WHAT TO PRODUCE >>
Retype the line where "Raschietto rigido modello" appears and each line that follows it down to the last line of the records below. Leave the pictures out.

Records from a data source >>
□ □ □

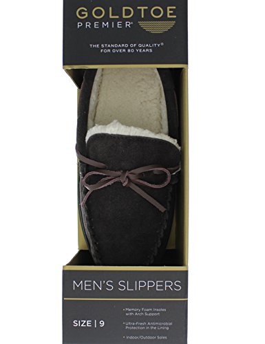 -. Binding : Apparel -. Brand : Gold Toe -. Department : mens -. Feature : Classic mens suede moccasins with whip-stitched toe and boat-like around-the-collar lacing / Contoured footbed with arch support, dual density memory foam insole and indoor outdoor traction outsole / Ultra-fresh antimicrobial protection in the plush sherpa lining / READY FOR GIFTING: These luxurious slip on moccasin slippers are shoeboxed for a great gift idea and practical present for men / GOLDTOE® a leader of Standard & Quality® for over eight decades -. Model : Benton -. ProductGroup : Shoes -. ProductTypeName : SHOES -. Title : Gold Toe Premier Men's Benton Memory Foam Cow Suede Sherpa Lined Slip-On Moccasin Slipper
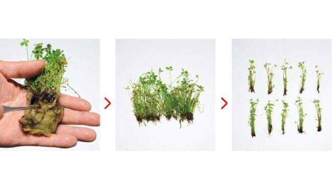 - Почвопокровники. Имеют очень мелкие корни, их сложно сажать рукам или обрезать. Такие разновидности продают в горшочках с минеральным наполнителем — ватой. Вату удаляют или обрезают так, чтобы было не больше 1 см ваты. Растения делят на кучки или порции. Их высаживают на расстоянии 2–4 см друг от друга, захватывая каждую кучку пинцетом.
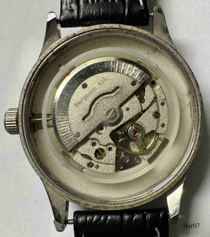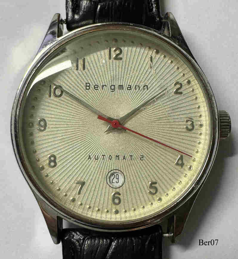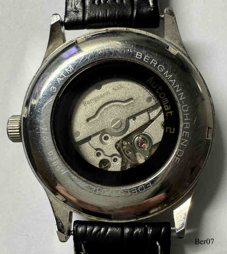 Dies ist eine Bergmann Automat 2, Datum bei der 6, Nr. 0309,. beschriftet vorn: ”Bergmann, Automat 2”, hinten: ”Automat, Nr. 0309, Bergmann-Uhren.de, AC, Automat 2”, innen: ”Bergmann 411”. Gehäuse Edelstahl, Glasboden, hellbeiges Zifferblatt, schwarzes Lederarmband. Kaliber unbekannt.
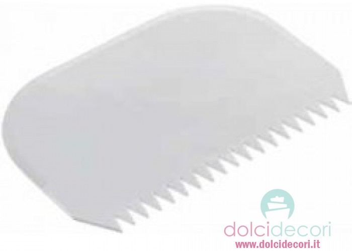 Raschietto rigido modello dentellato più grande da 14,7 cm per 9,6 cm. Accessorio per torte indispensabile in pasticceria.
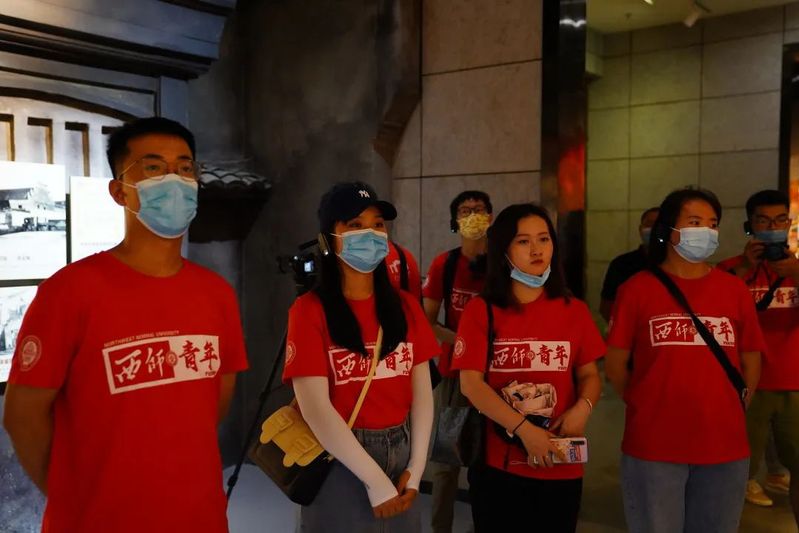 图为实践队员正在纪念馆内拍摄视频素材
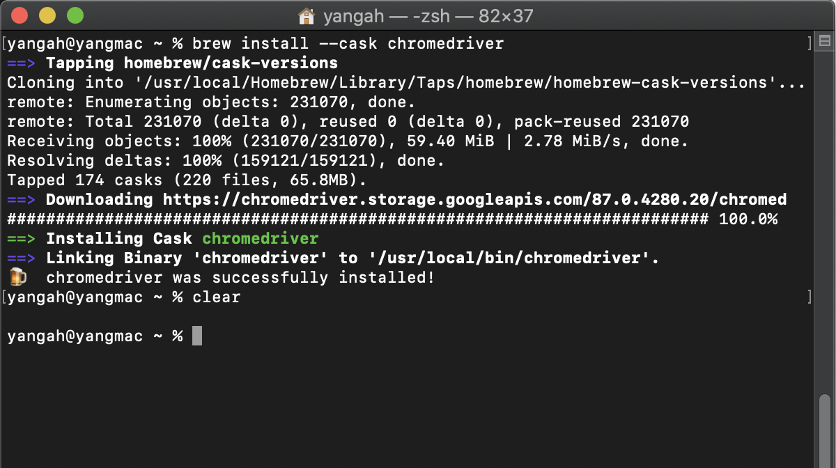 인터넷 브라우저를 제어할 수 있는 드라이버가 필요합니다. 저는 Chrome을 사용할 것이기 때문에 chromedriver를 설치했습니다.
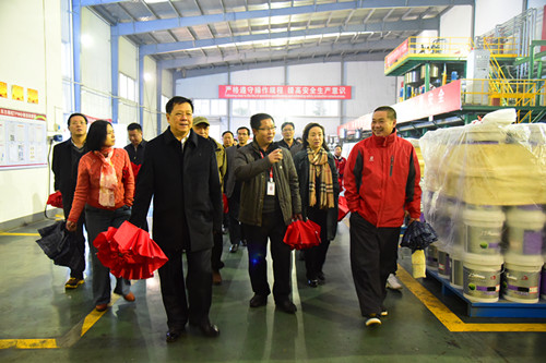 12日下午,參觀組來(lái)到岳陽(yáng)市云溪區(qū)綠色化工產(chǎn)業(yè)園,岳陽(yáng)東方雨虹廠長(zhǎng)向鋒代表公司熱情接待了一行。一行認(rèn)真聽(tīng)取了向鋒匯報(bào)東方雨虹2016年的總體經(jīng)營(yíng)情況,隨后參觀了岳陽(yáng)工廠水性涂料車間及高分子卷材車間,深入了解了涂料、高分子產(chǎn)品的施工工藝、現(xiàn)場(chǎng)操作流程及重大工程應(yīng)用情況。

□ □ □

RESULT BELOW >>
 Raschietto rigido modello dentellato più grande da 14,7 cm per 9,6 cm. Accessorio per torte indispensabile in pasticceria.
 图为实践队员正在纪念馆内拍摄视频素材
 인터넷 브라우저를 제어할 수 있는 드라이버가 필요합니다. 저는 Chrome을 사용할 것이기 때문에 chromedriver를 설치했습니다.
 12日下午,參觀組來(lái)到岳陽(yáng)市云溪區(qū)綠色化工產(chǎn)業(yè)園,岳陽(yáng)東方雨虹廠長(zhǎng)向鋒代表公司熱情接待了一行。一行認(rèn)真聽(tīng)取了向鋒匯報(bào)東方雨虹2016年的總體經(jīng)營(yíng)情況,隨后參觀了岳陽(yáng)工廠水性涂料車間及高分子卷材車間,深入了解了涂料、高分子產(chǎn)品的施工工藝、現(xiàn)場(chǎng)操作流程及重大工程應(yīng)用情況。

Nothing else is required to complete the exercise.